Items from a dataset

──────

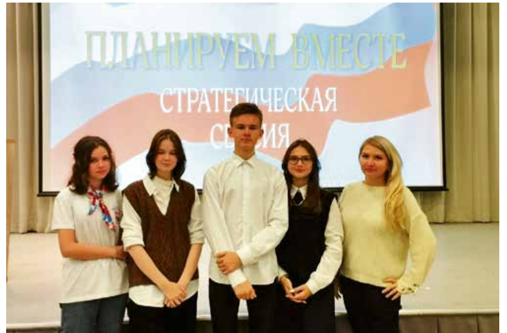
РДШ – дорога в будущее
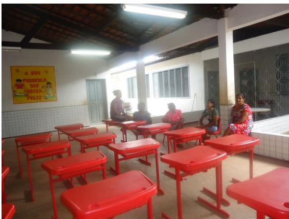
Foto 3-44 Espaço onde seria realizada a atividade e o pouco público presente.
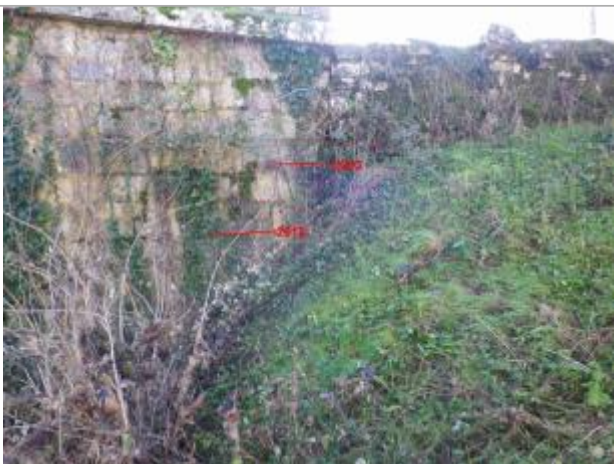
Vue de la laisse d'inondation - Auteur : GEOSPHAIR

Altitude calculée de l'eau (en m) : 143.25
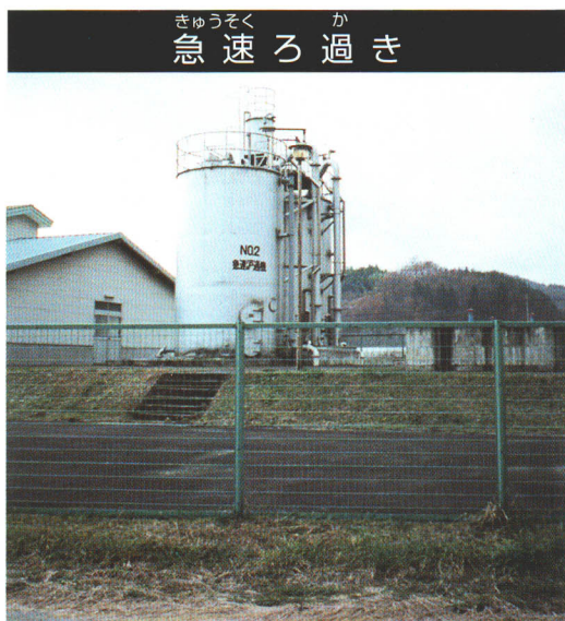
きゆうそく か 急速ろ過
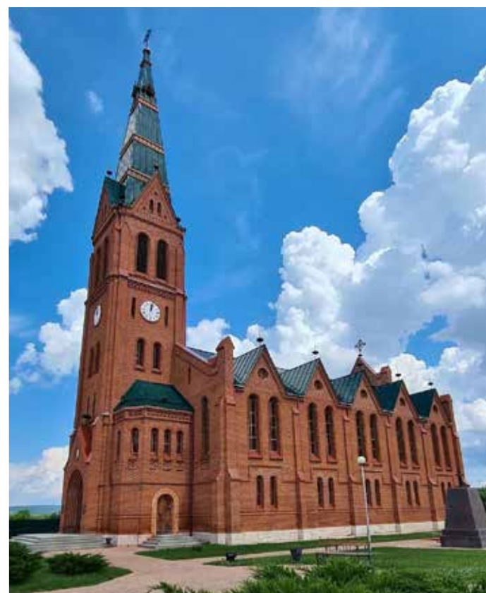
Современный вид церкви Иисуса в с. Зоркино.
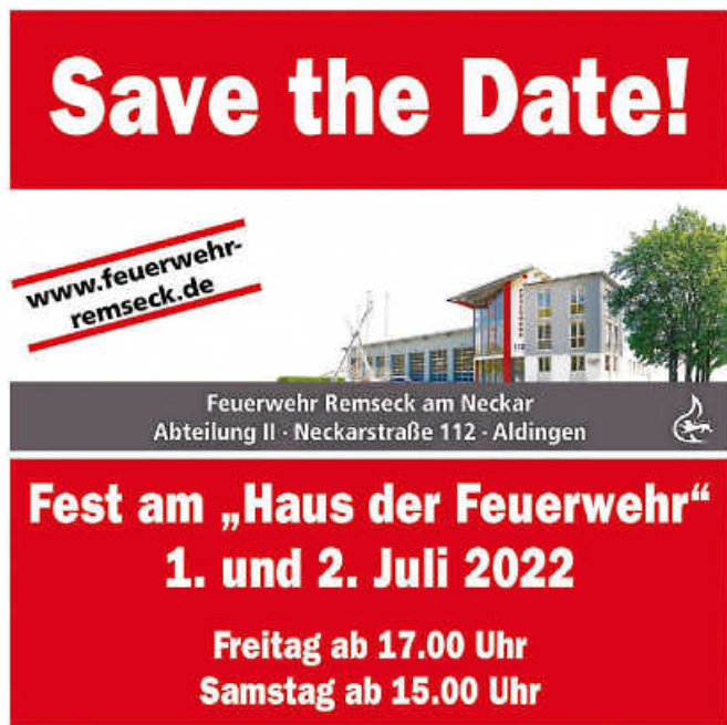
Plakat: Feuerwehr Remseck
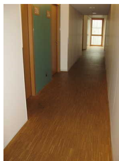
Flure zu den Zimmern
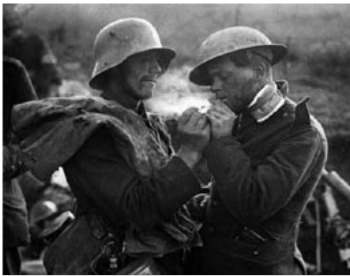
Dôkaz toho, že vojaci veľmi bojovať nechceli. Nemecký vojak pripaluje cigaretu anglickému zajatcovi.
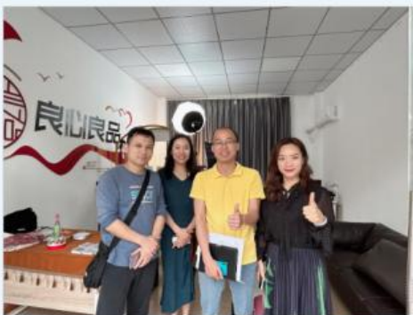
参观“校中厂”直播基地
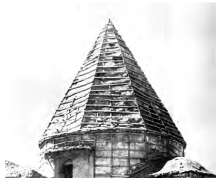
تصویر ۳. گنبد مخروطی، عکس از منوچهر ستوده ۱۳۵۵. (ستوده، ۱۳۷۴)

مشهور فلاسفه، حرکت در مقوله جوهر را نپذیرفته و فقط به حرکت در چهار مقوله عرضی کم، کیف، آین و وضع قائل بوده‌اند. اما حکیم صدرالمآلهین شیرازی، معتقد است که حرکت منحصر به أعراض نبوده بلکه در جوهر و ذات اشیاء نیز جاری است (طباطبایی، بی‌تا: ۱۲۸). او در مجلد سوم کتاب اسفار، به تفصیل و بر اساس دلایل عقلی و نقلی، اثبات کرده است که صورت نوعیه به عنوان گوهر و ذات شیء، پیوسته تبدیل می‌یابد و به تکامل می‌رسد.
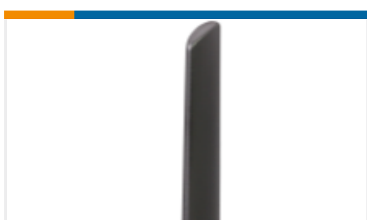
TE 产品编号ANT-5GWWS6-SMA Antenna Dipole Blade 5G/LTE Swivel SMA
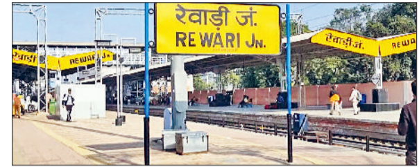
रेवाड़ी। रेलवे स्टेशन का फाइनल फोटो।
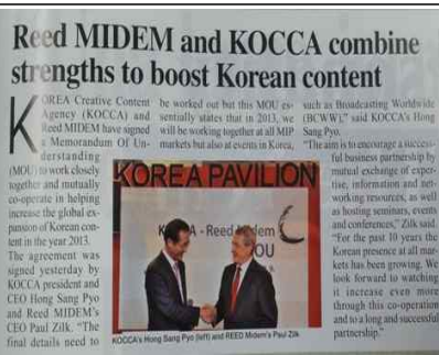
MIP News MOU기사(리드미렘)
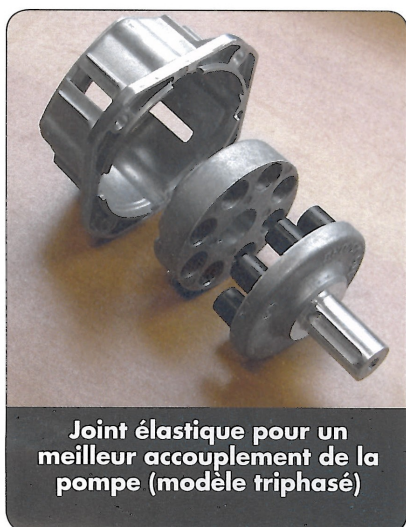
Joint élastique pour un meilleur accouplement de la pompe (modèle triphasé)

──────

YOUR TASK
Although pictures appear among the records above, write out exactly only the lines from the one that has "Flure zu den Zimmern" through the one that has "تصویر ۳. گنبد", and leave the pictures out.

RESPONSE
Flure zu den Zimmern
Dôkaz toho, že vojaci veľmi bojovať nechceli. Nemecký vojak pripaluje cigaretu anglickému zajatcovi.
参观“校中厂”直播基地
تصویر ۳. گنبد مخروطی، عکس از منوچهر ستوده ۱۳۵۵. (ستوده، ۱۳۷۴)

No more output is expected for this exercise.